→ **Listed entries**
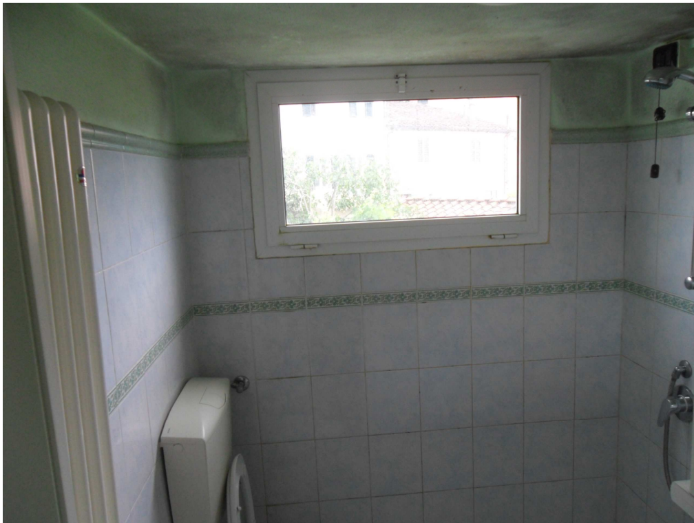
Disimpegno per accesso al piano primo
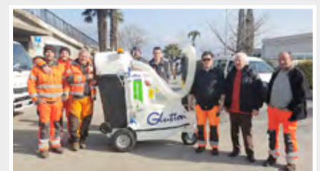
Ein neuer Glutton 2411 Electric für Municipio di Brissago
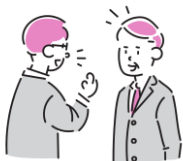
そうだん 相談する
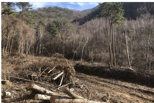
<笛吹市芦川町のカラマツ伐採跡地>

山梨県笛吹市芦川町は、富士山を望む美しい自然に恵まれる一方、若者の都市部への流出と少子化による人口減少により過疎化が進み、手入れが行き届かない人工林やカラマツの伐採跡地が増加しています。本活動では、こうした伐採跡地に100年先まで存続する豊かな水源林を再生することを目指し、地元植生であるミズナラ、ブナ、コブシ、ヤマザクラの広葉樹計2,000本を植樹します。

→ **Task brief**
Only the pictures are to be omitted; restate everything else above exactly.

→ **The answer**
Disimpegno per accesso al piano primo
Ein neuer Glutton 2411 Electric für Municipio di Brissago
そうだん 相談する
<笛吹市芦川町のカラマツ伐採跡地>

山梨県笛吹市芦川町は、富士山を望む美しい自然に恵まれる一方、若者の都市部への流出と少子化による人口減少により過疎化が進み、手入れが行き届かない人工林やカラマツの伐採跡地が増加しています。本活動では、こうした伐採跡地に100年先まで存続する豊かな水源林を再生することを目指し、地元植生であるミズナラ、ブナ、コブシ、ヤマザクラの広葉樹計2,000本を植樹します。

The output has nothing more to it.